Loan Credit Default Rates Hit Pre-Recession Lows
Consumer credit defaults reached new lows in September that were last seen prior to the recession, according to data released by S&P Dow Jones and Experian.
First mortgage default rates for consumers decreased from 1.40% in August to 1.36% in September. This rate has either gone down or been flat for nine consecutive months, which represents an overall positive sign for the housing industry.
Meanwhile, at 0.64%, the second mortgage default rate also fell to the lowest amount in its eight-year history. A year ago, this index was sitting at 1.32%.
Another loan type looked at in the monthly report includes bank cards, which declined 7 basis points to a mark of 3.70%. Only the auto loan default rate increased, from 1.09% to 1.11%, month-over-month.
Overall, the national composite was down month-over-month from 1.50% in August to 1.46% in September.
“We think it is very fair to say that 2012 has proven to be a period of financial repair for consumers,” said David M. Blitzer, managing director and chairman of the index committee for S&P Dow Jones Indices. “Consumers’ financial condition continues to improve as witnessed by these declining credit default rates.”
All five cities covers by S&P/Experian showed a decrease in their default rates, with three (Chicago, New York and Los Angeles) reaching pre-recession lows.

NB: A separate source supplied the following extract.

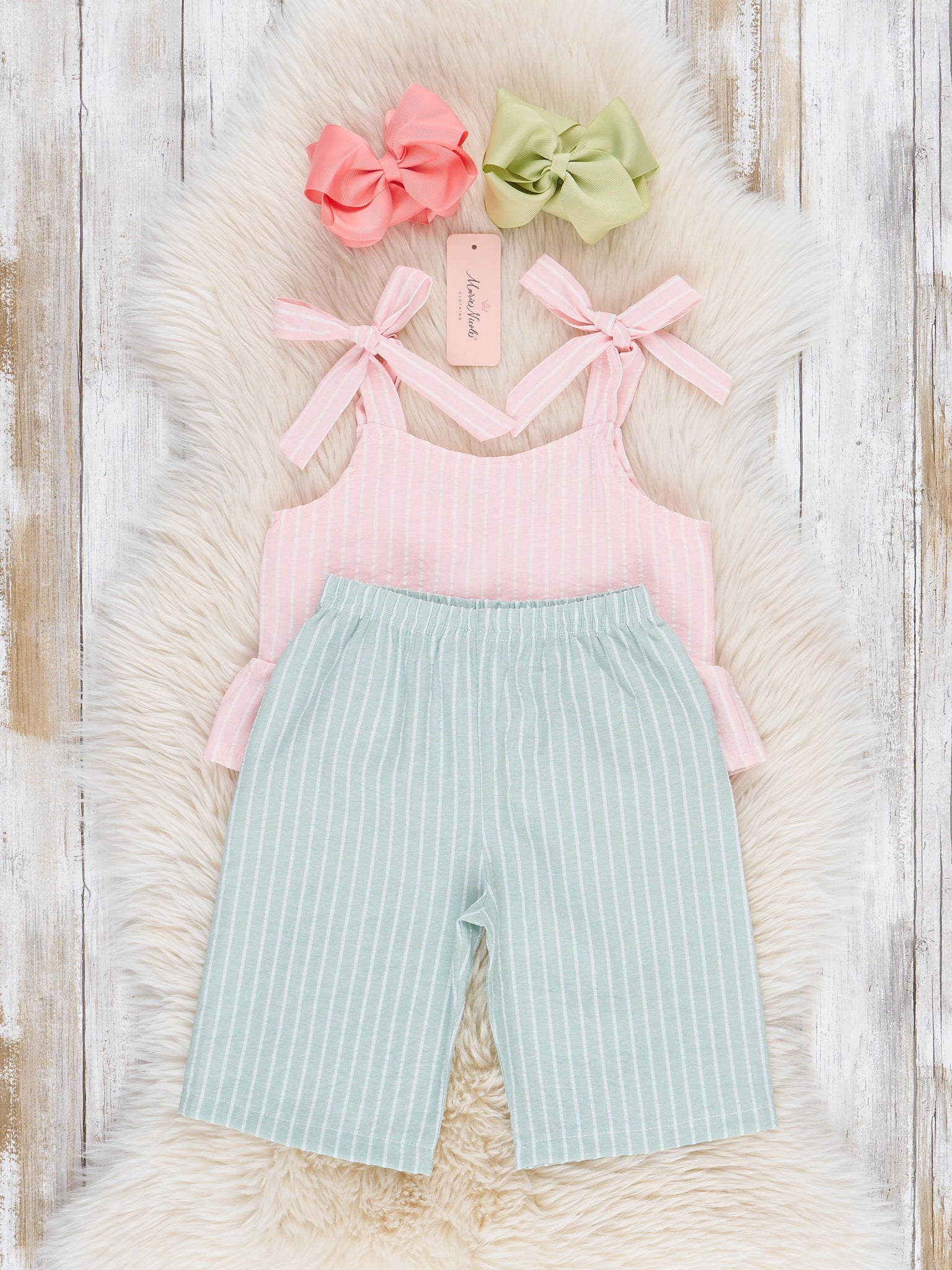 Soft hues and sweet details come together in the Striped Pastels Peplum Ruffle Outfit. This charming set features a pastel-striped top with a playful peplum hem and delicate ruffle accent, paired with coordinating bottoms for an effortlessly cute look. This outfit from Marie Nicole Clothing is perfect for warm days or special outings.

Chicago’s rate was 1.82% in September, down from 1.92% from the prior month. For the second straight month, Los Angeles saw a drop in consumer credit default rate to reach 1.45% in September. New York’s default rate fell the most out of the five cities with a 21 basis point decline month-over-month to 1.28%.
Even though Dallas and Miami rates are not quite at post-recession lows, S&P/Experian said both are close to them. Dallas’ September rate was 1.03%, down four basis points from August. Miami’s rate fell by 14 basis points to 2.48%, substantially less than the 18.89% rate seen more than three years ago.
“There is no doubt that from a borrowing perspective the consumer is in a much better place than two or three years ago,” Blitzer added. “We have seen broad-based declining trends in default rates through all of 2012, and all markets and loan types are at or near pre-recession lows.”